Emre Uslu’nun, AK Parti’yi parçalamak için yola çıkan A. Latif Şener’i parlatması/pazarlaması; yerli-yersiz AK Parti hükumetini hedef almakta Neocona paralel düşmesi tesadüf müdür?
Bazen küstahlık derecesinde Erdoğan’a kafa tutması; MİT Müsteşarı Hakan Fidan’ı hedef alırken adeta MOSSAD ağzı kullanması (3), sırtını dayadığı Jamestown Vakfı’ndan aldığı cüretten midir? Bu cüretkar genç arkadaşı daha yakından tanımak gerektiği düşüncesindeyim.
Yazıyı, Ergun Babahan’ın usta kaleminden çıkmış konuyla ilgili birkaç cümlesiyle bitirmek istiyorum (4):
“Bu Vakıf, Soğuk Savaş yıllarında Sovyetler Birliği üzerine uzmanlaşmış, Sovyet rejiminin çökmesinin ardından da Türkiye de dahil olmak üzere Kafkas bölgesine yönelmiş. Emre Uslu işte Washington’da bu vakıfta çalışmış. Vakfın çizgisinin İsrail yanlısı neocon çizgide olması elbette muhafazakar bir akademisyenin tercihi açısından dikkat çekici.”
“Jamestown’daki çalışmalarını başarıyla tamamlayan Uslu’yu birden Taraf’ın yazarı olarak bulduk. Herhangi bir profesyonelin biraraya getiremeyeceği kimi isimleri ustaca biraraya getirmişti Taraf. Kim, nasıl buldu bu isimleri hala merak ederim açıkçası. Burada ilginç olan Uslu’nun Jamesteown Vakfı’ndakine paralel bir anlayışı temsile devam etmesi.

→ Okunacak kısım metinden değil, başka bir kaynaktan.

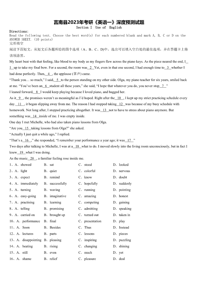 莒南县2023年考研《英语一》深度预测试题SectionIUseofEnglishDirections:Readthefollowingtext.Choosethebestword(s)foreachnumberedblankandmarkA,B,CorDontheANSWERSHEET.(10points)完形填空阅读下面短文,从短文后各题所给的四个选项(A、B、C、D)中,选出可以填入空白处的最佳选项,并在答题卡上将该项涂黑。Myheartbeatwiththatfeeling,likebloodto

Özellikle de MİT konusunda.”
1) http://www.jamestown.org/single/?no_cache=1&tx_ttnews[tt_news]=
2) http://www.jamestown.org/articles-by-author/?no_cache=1&tx_cablanttnewsstaffrelation_pi1‰5Bauthor‰5D=480
3) http://www.haaretz.com/print-edition/news/israel-worried-by-new-turkey-intelligence-chief-s-defense-of-iran-1.294568
4) http://ebabahan.blogspot.com/2012/12/jamestown-vakfndan-tarafa.html
———————————————————————————————————————————–
CEVDET AKBAY KİMDİR?
1968’de Solhan’da (Bingöl) doğdu. İlk ve ortaokulu Solhan’da, liseyi Osmaniye’de, üniversiteyi Malatya’da bitirdi. 1990-93 yılları arasında Malatya’da öğretmen olarak çalıştı. Yükseköğretim Kurulu’nun (YÖK) açtığı sınavı kazanarak yurtdışında yüksek lisans ve doktora yapmak için Celal Bayar Üniversitesi (CBÜ) adına 1993’te ABD’ye çıktı. Türkiye’deki 28 Şubatçı zihniyetin ABD’deki uzantıları olan Ergenekoncu Kemalistlerin şikayeti üzerine 1996’da bursu kesildiği için Türkiye’ye dönmek zorunda kaldı. Maruz kaldığı hukuksuzluğu mahkemeye taşıdı; mahkemeyi kazandığı halde 28 Şubat sürecinden cesaret alan YÖK ve CBÜ mahkeme kararına uymayınca Ağustos 1997’de CBÜ’deki işini bırakarak ABD’ye geri döndü. Doktora çalışmasını Louisiana State Üniversitesi’nde (Baton Rouge, Louisiana) bitirdikten sonra Georgia State Üniversitesi’nde (Atlanta, Georgia) iki yıl doktora sonrası çalışma yaptı. North Carolina Eyaleti’nde bulunan Fayetteville State Üniversitesi’de kimya alanında öğretim üyesi olarak çalışmaktadır. Evli ve üç çocuk babasıdır.